(Recorded data)
>>>>>

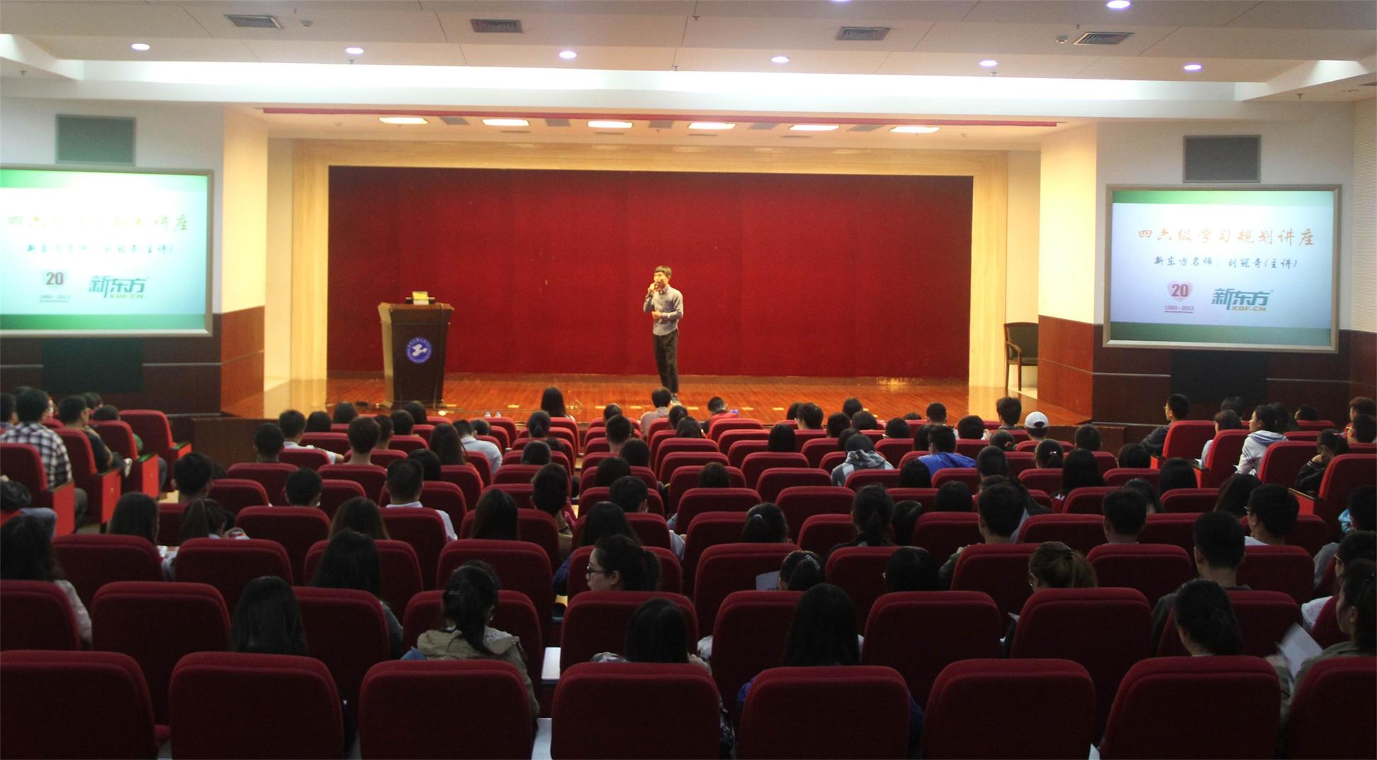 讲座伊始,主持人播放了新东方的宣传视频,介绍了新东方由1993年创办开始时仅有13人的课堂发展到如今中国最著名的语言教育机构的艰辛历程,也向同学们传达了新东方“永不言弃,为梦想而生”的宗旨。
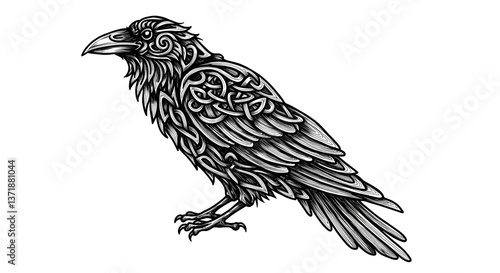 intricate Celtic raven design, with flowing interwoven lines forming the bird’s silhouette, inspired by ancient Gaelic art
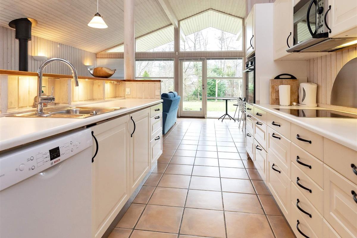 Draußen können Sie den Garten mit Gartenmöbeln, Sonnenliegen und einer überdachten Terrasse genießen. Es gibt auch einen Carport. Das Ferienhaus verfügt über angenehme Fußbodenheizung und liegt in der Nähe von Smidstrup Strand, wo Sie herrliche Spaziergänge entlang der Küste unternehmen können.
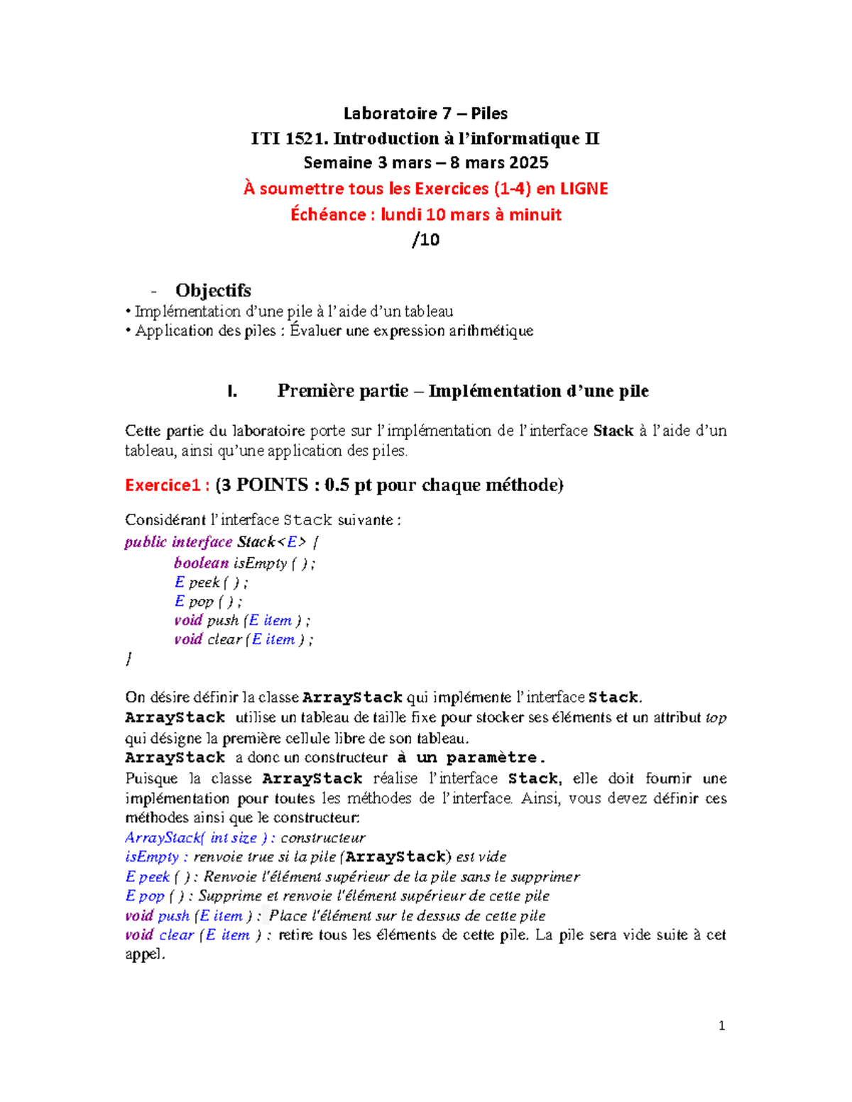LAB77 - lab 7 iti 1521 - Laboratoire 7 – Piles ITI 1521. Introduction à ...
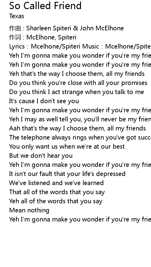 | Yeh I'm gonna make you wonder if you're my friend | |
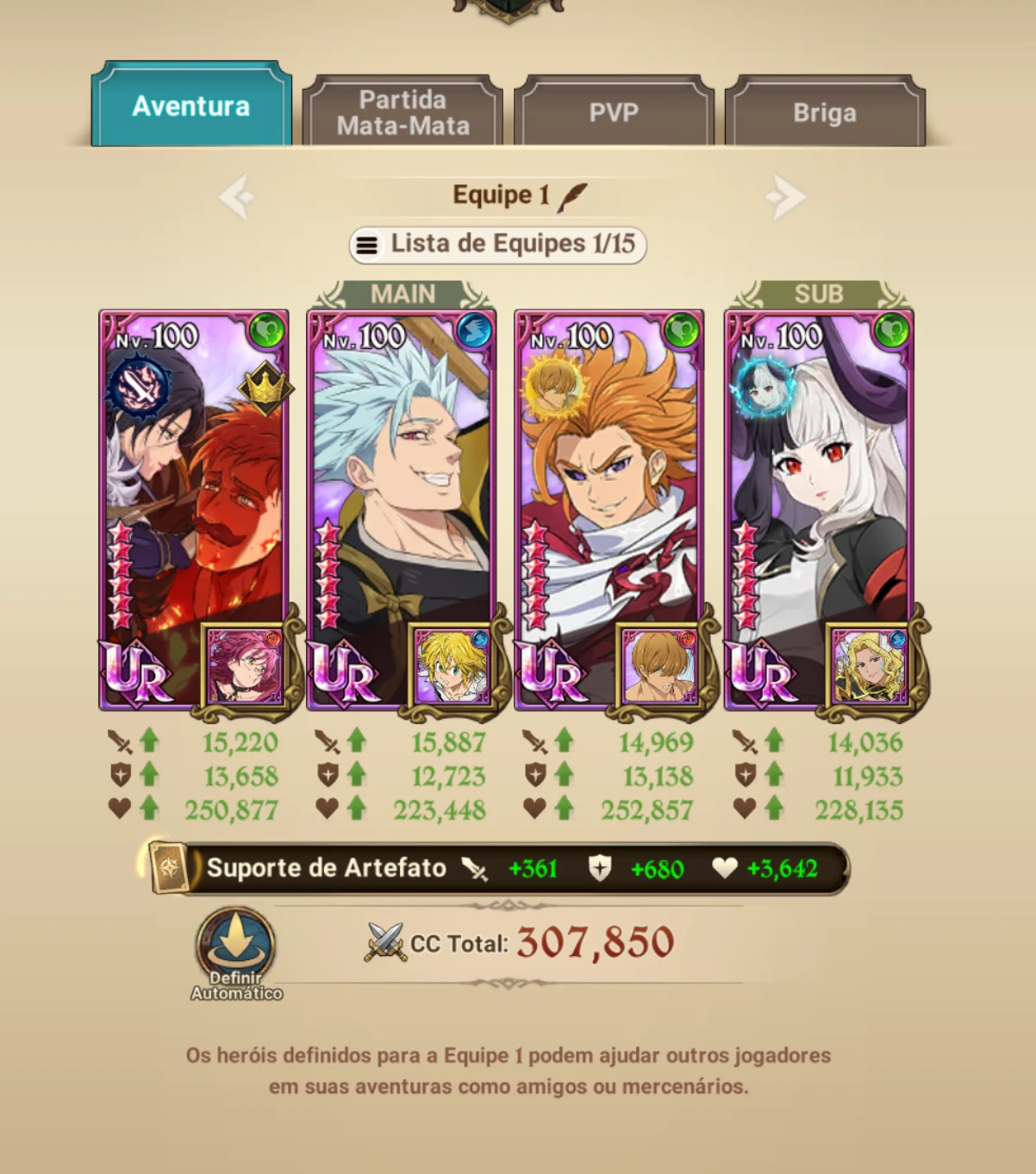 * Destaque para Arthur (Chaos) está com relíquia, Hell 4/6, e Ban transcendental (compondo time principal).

<<<<<

# Requirement:
Your output should be only the lines from the line with "my friend | |" through the end of the data, exactly as they stand, and no pictures.

# Response to this task:
 | Yeh I'm gonna make you wonder if you're my friend | |
 * Destaque para Arthur (Chaos) está com relíquia, Hell 4/6, e Ban transcendental (compondo time principal).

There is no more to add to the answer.